(Task prompt) Using the records below, copy exactly the part that opens with the line holding "Many years later" and closes with the line holding "陈仕能立即将情况上报给民警汤", minus the pictures.

(Data for review)
• • • • •
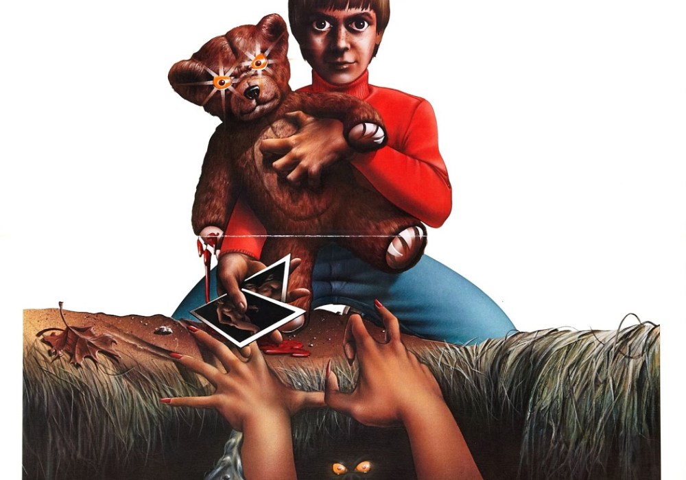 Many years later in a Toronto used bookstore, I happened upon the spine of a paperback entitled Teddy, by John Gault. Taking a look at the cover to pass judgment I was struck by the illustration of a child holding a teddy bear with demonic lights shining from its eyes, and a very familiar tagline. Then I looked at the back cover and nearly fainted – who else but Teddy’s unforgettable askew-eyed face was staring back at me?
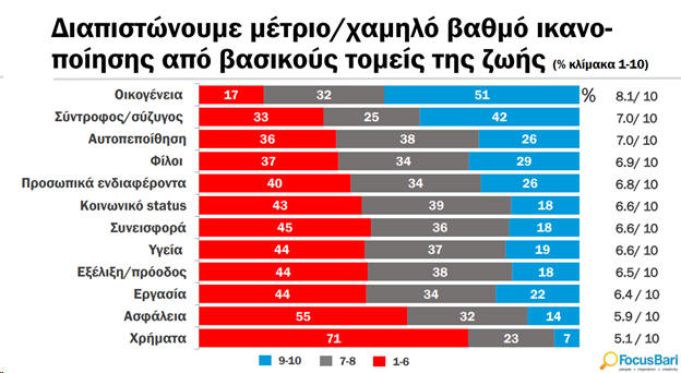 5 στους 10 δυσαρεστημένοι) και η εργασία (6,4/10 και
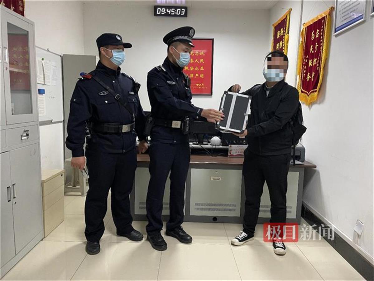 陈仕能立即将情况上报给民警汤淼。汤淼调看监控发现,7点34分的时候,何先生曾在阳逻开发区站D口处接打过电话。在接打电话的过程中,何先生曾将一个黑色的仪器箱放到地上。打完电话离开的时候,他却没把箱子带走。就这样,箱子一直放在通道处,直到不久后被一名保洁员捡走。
• • • • •
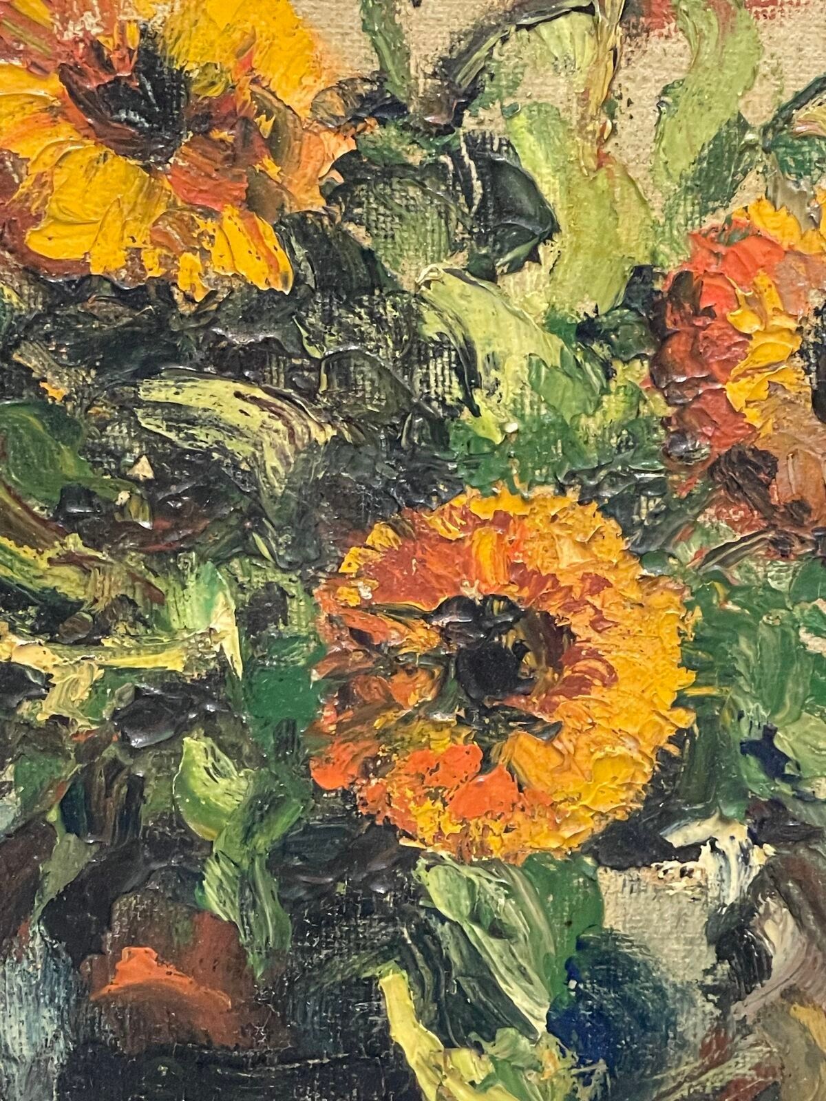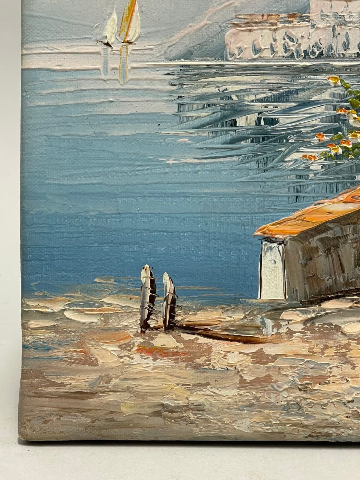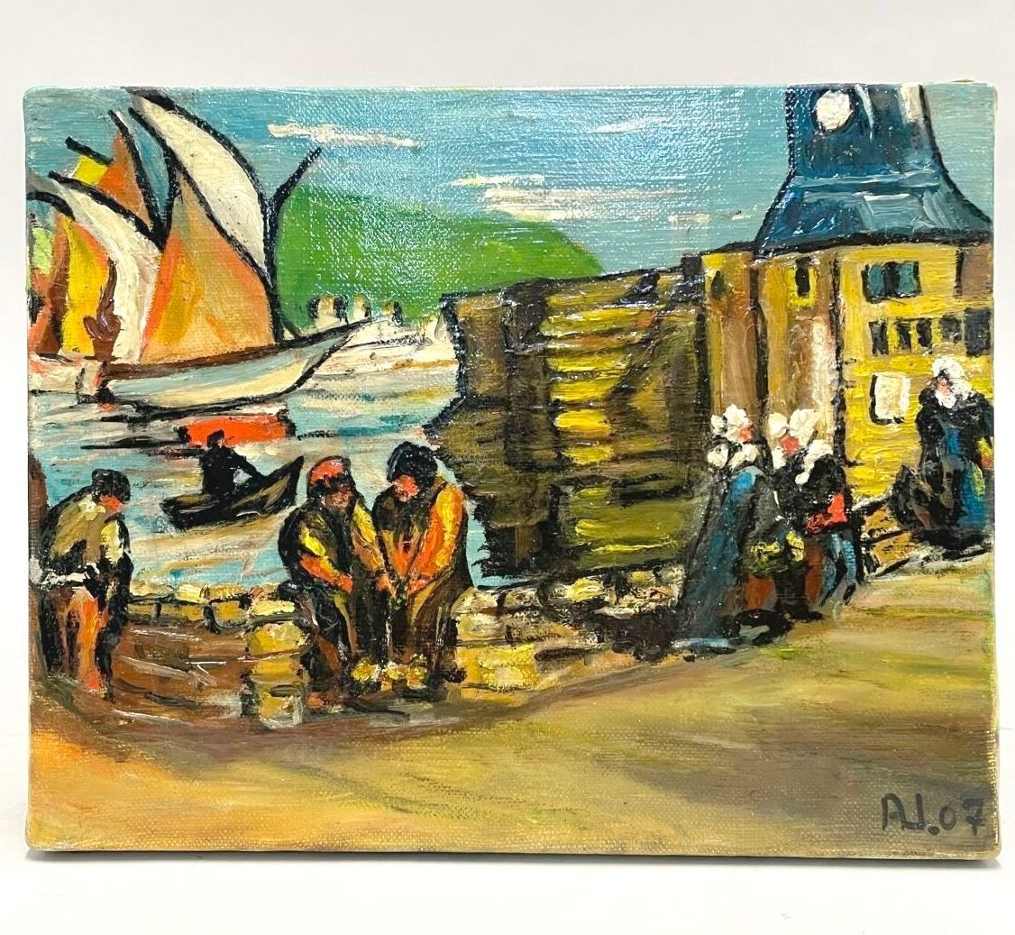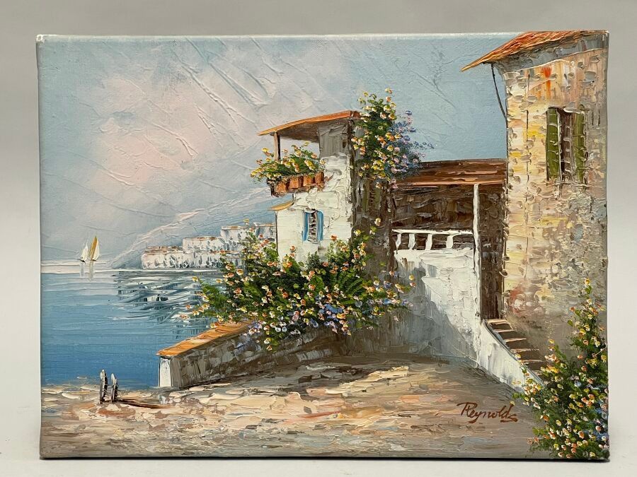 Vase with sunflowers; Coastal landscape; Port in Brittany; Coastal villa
• • • • •
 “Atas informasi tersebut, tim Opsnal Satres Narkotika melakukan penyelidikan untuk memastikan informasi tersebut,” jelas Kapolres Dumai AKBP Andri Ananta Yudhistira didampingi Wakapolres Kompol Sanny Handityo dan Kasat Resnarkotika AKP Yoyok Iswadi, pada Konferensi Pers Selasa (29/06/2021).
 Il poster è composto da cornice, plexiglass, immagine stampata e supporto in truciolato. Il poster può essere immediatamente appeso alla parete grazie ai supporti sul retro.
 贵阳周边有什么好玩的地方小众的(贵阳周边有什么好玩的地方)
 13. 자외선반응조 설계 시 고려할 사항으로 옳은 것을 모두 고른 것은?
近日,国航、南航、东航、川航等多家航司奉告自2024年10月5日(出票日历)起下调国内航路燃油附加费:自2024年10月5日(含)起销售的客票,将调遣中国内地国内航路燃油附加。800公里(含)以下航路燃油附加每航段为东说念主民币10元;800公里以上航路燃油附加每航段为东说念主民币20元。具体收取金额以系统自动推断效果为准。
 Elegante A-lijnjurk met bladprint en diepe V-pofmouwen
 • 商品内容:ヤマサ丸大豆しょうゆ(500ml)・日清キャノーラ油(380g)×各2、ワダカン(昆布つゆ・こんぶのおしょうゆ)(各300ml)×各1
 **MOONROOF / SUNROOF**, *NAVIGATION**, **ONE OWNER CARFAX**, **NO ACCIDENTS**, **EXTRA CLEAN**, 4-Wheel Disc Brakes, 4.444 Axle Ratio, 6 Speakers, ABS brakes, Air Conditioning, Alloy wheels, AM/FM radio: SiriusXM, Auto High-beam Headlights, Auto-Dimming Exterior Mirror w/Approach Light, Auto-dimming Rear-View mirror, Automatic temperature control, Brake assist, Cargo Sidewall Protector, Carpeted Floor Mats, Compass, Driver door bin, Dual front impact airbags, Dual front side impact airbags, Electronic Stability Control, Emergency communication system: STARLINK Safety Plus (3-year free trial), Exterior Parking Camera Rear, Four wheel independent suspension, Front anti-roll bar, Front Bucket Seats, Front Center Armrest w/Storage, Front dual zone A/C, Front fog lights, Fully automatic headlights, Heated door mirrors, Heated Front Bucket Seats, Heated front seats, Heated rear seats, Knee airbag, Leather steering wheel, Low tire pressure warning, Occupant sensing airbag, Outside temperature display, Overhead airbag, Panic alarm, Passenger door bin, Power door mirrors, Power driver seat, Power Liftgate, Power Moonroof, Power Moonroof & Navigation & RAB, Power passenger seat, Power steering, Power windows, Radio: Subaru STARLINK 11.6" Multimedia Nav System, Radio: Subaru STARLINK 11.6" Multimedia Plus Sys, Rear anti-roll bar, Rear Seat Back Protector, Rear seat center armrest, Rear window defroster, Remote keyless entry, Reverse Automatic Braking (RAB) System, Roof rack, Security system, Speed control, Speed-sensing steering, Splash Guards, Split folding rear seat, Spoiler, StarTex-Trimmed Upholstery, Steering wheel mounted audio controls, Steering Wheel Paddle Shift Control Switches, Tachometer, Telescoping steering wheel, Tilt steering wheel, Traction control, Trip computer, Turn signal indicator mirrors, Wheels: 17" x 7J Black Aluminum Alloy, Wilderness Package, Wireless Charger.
• • • • •
(Solved exercise)
 Many years later in a Toronto used bookstore, I happened upon the spine of a paperback entitled Teddy, by John Gault. Taking a look at the cover to pass judgment I was struck by the illustration of a child holding a teddy bear with demonic lights shining from its eyes, and a very familiar tagline. Then I looked at the back cover and nearly fainted – who else but Teddy’s unforgettable askew-eyed face was staring back at me?
 5 στους 10 δυσαρεστημένοι) και η εργασία (6,4/10 και
 陈仕能立即将情况上报给民警汤淼。汤淼调看监控发现,7点34分的时候,何先生曾在阳逻开发区站D口处接打过电话。在接打电话的过程中,何先生曾将一个黑色的仪器箱放到地上。打完电话离开的时候,他却没把箱子带走。就这样,箱子一直放在通道处,直到不久后被一名保洁员捡走。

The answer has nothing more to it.